In my talk at #ETD2009 I will make reference to SPECTRa-T, a JISC funded project that looked at the extraction of semantic information from chemistry theses. It was a first attempt and we were grateful to Steve Ley and his group for giving us access to about 12 theses. These were in Word, without which we could not have done very much useful.
I’m showing the poster that the group created to present their work. I know it’s a bit small, but it’s mainly to acknowledge them and to show the complex workflows that we built. It’s not necessary to read the small print, just to acknowledge that we could run theses through the system.
Here are some bits magnified (I am still learning the best way to use this blog):
This shows how OSCAR (our journal-eating robot) is able to extract the chemistry from the text of the thesis and put it in the repository
The next picture shows how we can extract semantic chemistry if the author has embedded chemical-specific objects (OLE, images) in the thesis.

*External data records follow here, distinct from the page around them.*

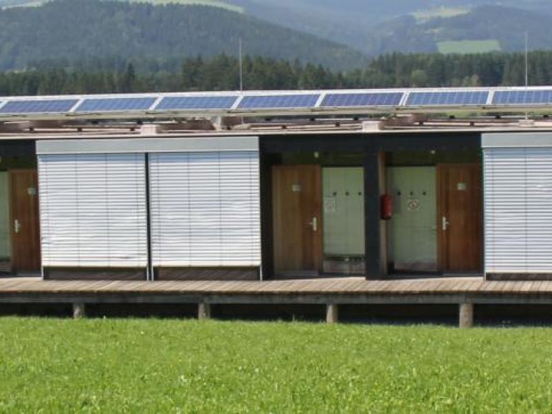Sonnenstromanlage auf dem Dach des Freizeitcamps in Passail
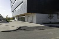 A modern office building in Toronto's financial district. The grey composite material facade reflects the clear sky. The urban design showcases the city's business and financial life. The low-rise building features tinted windows and a well-maintained asphalt road.
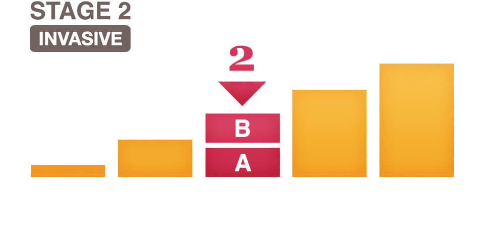 This stage is divided into groups: Stage 2A and Stage 2B. The difference is determined by the size of the tumor and whether the breast cancer has spread to the lymph nodes.
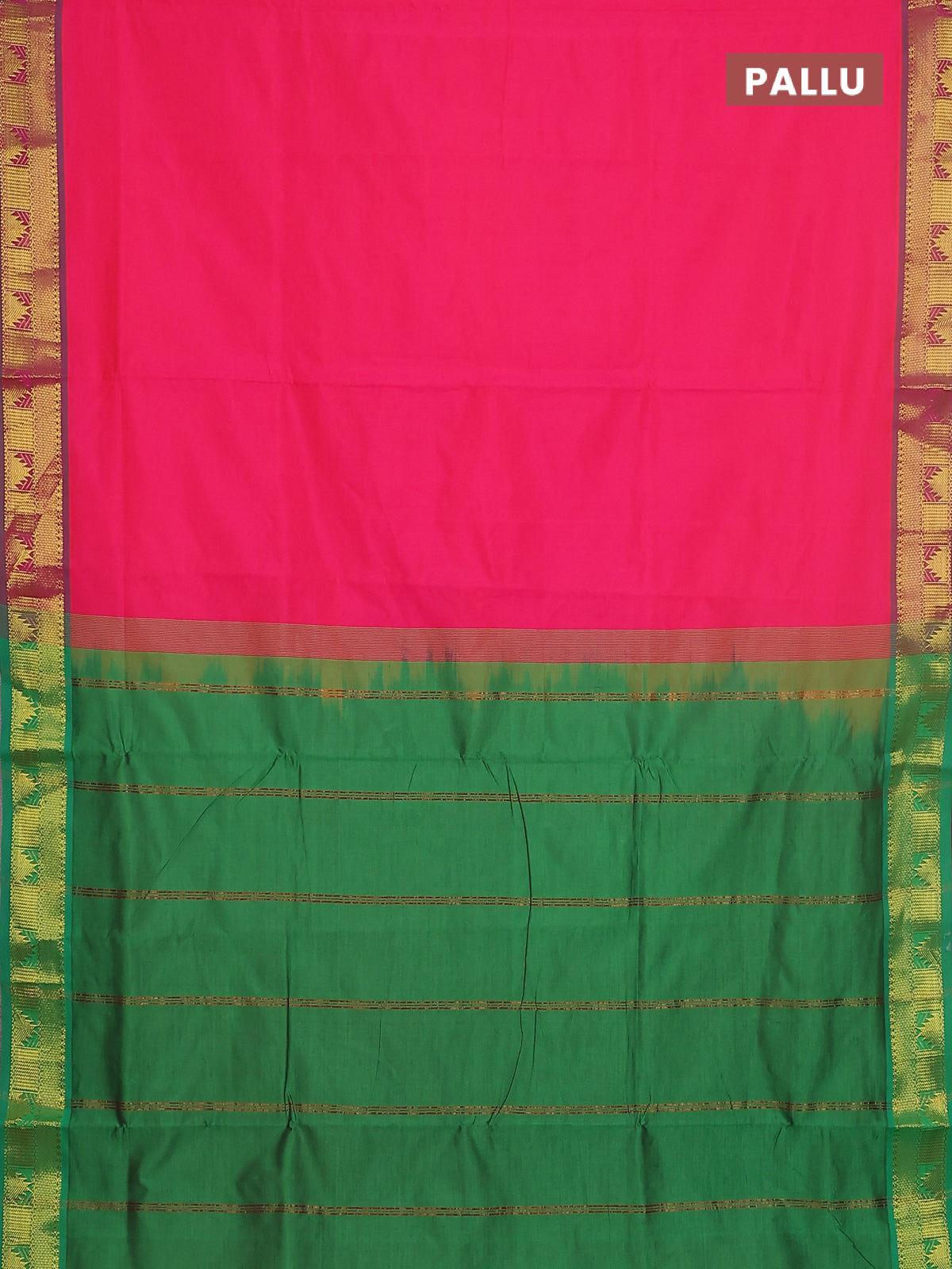 10 yards Poly cotton saree pink and green with plain body and zari woven border
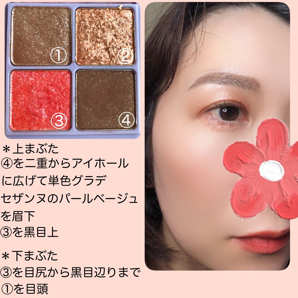 ~先日のメイク~☆使用コスメ*rom&ndネオンムーンベターザンアイズ#04DryEveningPromise*CEZANNEシングルカラーアイシャドウ#01パールベージュ*UZUBYFLOWFUSHIMOTEMASCARA™#COPPER*lauramercierブラッシュカラーインフュージョン#05フレスコ*NARSオーディシャスシアーマットリップスティック#00265*☼*―――――*☼*―――――*☼*―――――*☼*―――DryEveningPromiseは全色ラメがキラキラのパレット✨②のオレンジゴールドのグリッターはさすがにギラギラ過ぎて職場にぬってく勇気がなかったので、それ以外の3色でメイクしました。それでもキラキラしてたけど😂スウォッチの写真の倍キラキラです。写真技術が無さすぎて、いつも着画のラメが全然撮れないのが残念…😢皆さんどうやって撮ってるの?🤔🤔🤔目がキラキラ過ぎたので、リップはマットにしました。(マスクで隠れちゃうけど😅)NARSのこのリップはマットでも乾燥しにくいです!🙌他は、いつもの私のド定番アイテムを使いました~。#一生貢ぎたい神コスメ#私の底見えコスメ#推しウォータープルーフ

This is hard work for us but it can work:
Here we show how both graphical chemistry (the molecular picture) and the chemical name can be turned into real semantic chemistry. The graph is a complete network of all the chemical reactions in the thesis β automatically created by machine. Even the author has never seen this graph.
But it’s hard and lossy.
Word2003 allowed us to capture much of the chemistry.
PDF was much worse.
Much worse
Wouldn’t it be better if the chemist included all that in the thesis when it was submitted. The information all exists β all they have to do is zip it up and deposit it.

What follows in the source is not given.